Referring again to FIG. 1, according to the prior art, a digital
camera 14 is connected to a computer 16 by way of a direct cable
connection indicated by line 28 making a direct cable connection
from the camera connector 29 to the PC connector 26. In this manner,
unsecure camera data is directly transferred to a PC 16. An unauthorized
user could then easily modify the data with the PC 16. The method
and apparatus of the present invention solves this problem by first
transferring the camera data to the secure storage device 10, which
automatically secures the data. Two alternate embodiments of the
present invention are also shown in FIG. 1.

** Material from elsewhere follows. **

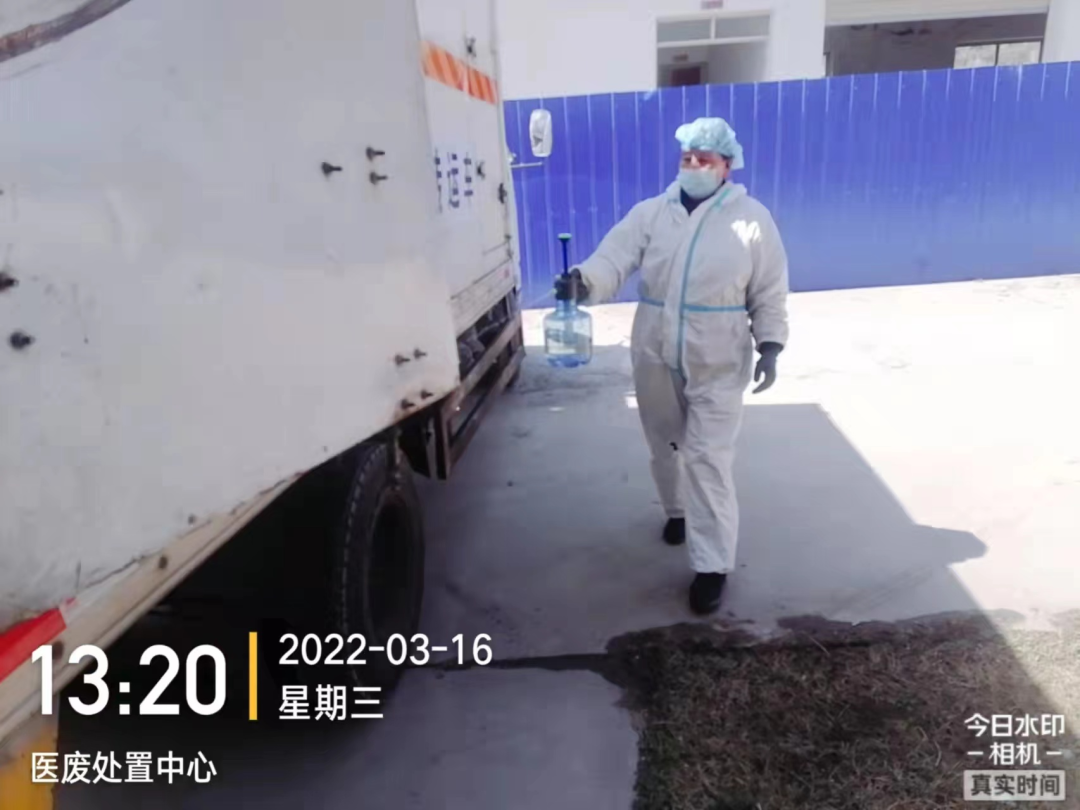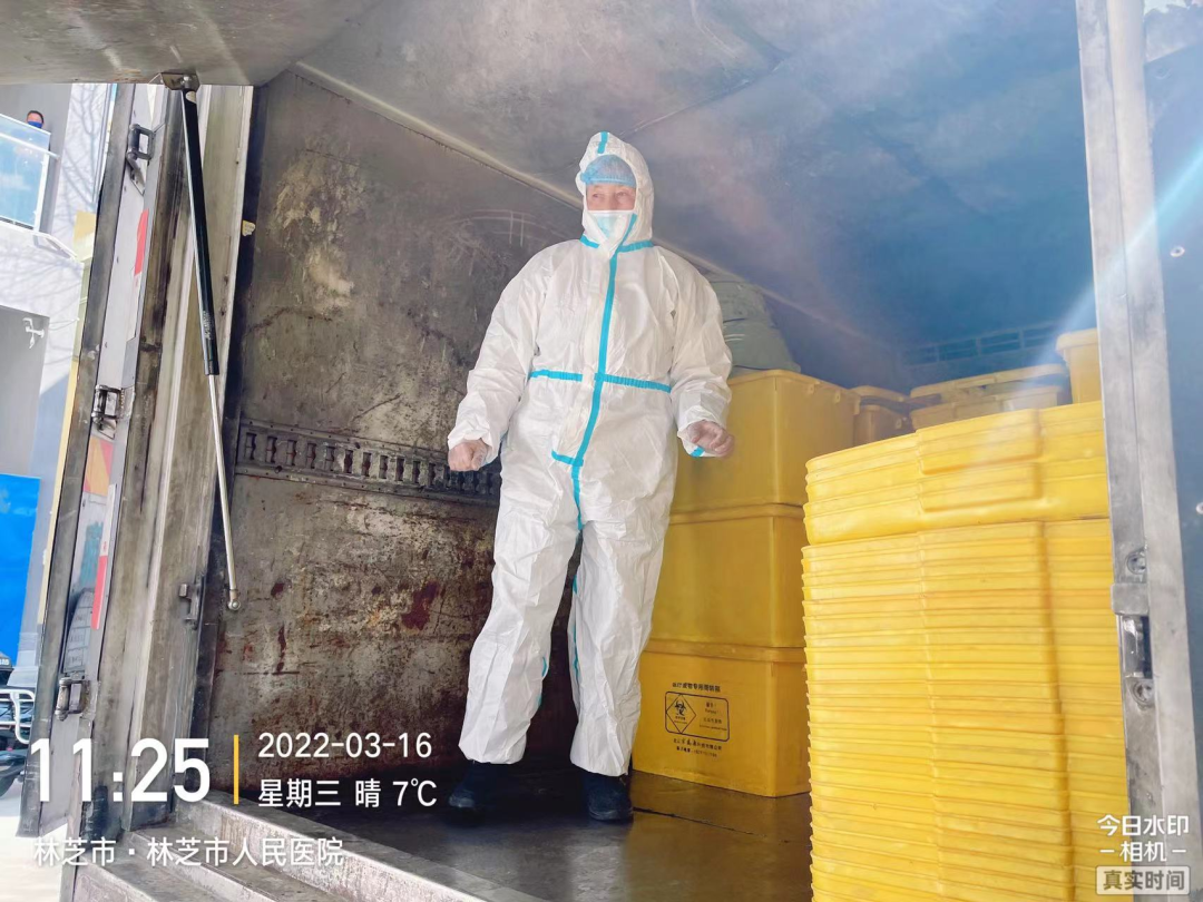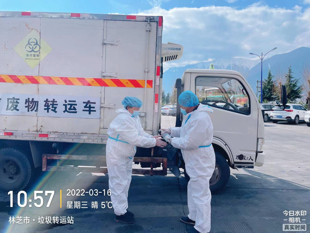 2、消殺完畢后,立即出發(fā)前往林芝市新冠定點(diǎn)醫(yī)院(林芝市人民醫(yī)院)收集轉(zhuǎn)運(yùn)新冠相關(guān)醫(yī)療廢物,與林芝市人民醫(yī)院醫(yī)廢暫存間工作人員確認(rèn)稱重并規(guī)范填寫危險(xiǎn)廢物轉(zhuǎn)運(yùn)聯(lián)單,收集完畢后對(duì)轉(zhuǎn)運(yùn)車內(nèi)外進(jìn)行消殺;
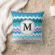 Turquoise and Pink Chevron with Custom Monogram Cushion

A first alternate embodiment includes a secure data transfer device
30 having an input cable assembly 32 for making a connection from
the camera 14 connector 29 to a security device 34. The security
device 34 performs the same or similar operations as those discussed
in reference to device 10 for securing the image data, and outputs
the data to the PC 16 through an output cable 36, which in operation
is connected to connector 26 of PC 16. The device 34 is programmable,
and can receive additional data in the same manner as device 10,
by connection to a computer through either cable assembly 32 or
36, or alternatively through a connector 38, or by way of a PCMCIA
card through a PCMCIA card slot 40.
The second alternative embodiment, also shown in FIG. 1, includes
a wireless secure data transfer device 42, including a security
device 44 that can be connected to a camera 14 by way of a cable
assembly 46. The device 42 is programmable and receives additional
data either from a PC through cable assembly 46 or connector 48,
or by way of a PCMCIA card through slot 50. The device 44 includes
a transceiver having a modulated infrared transmitter portion for
generation of an infrared signal 52 for transmission of data to
an infrared transceiver 54 which receives and demodulates the signal,
and outputs the data to the computer 16 through a cable assembly
56. The transceiver properties of device 44 and transceiver 54 in
addition allow for programming and other data to flow from PC 16
to device 44 through the wireless infrared connection.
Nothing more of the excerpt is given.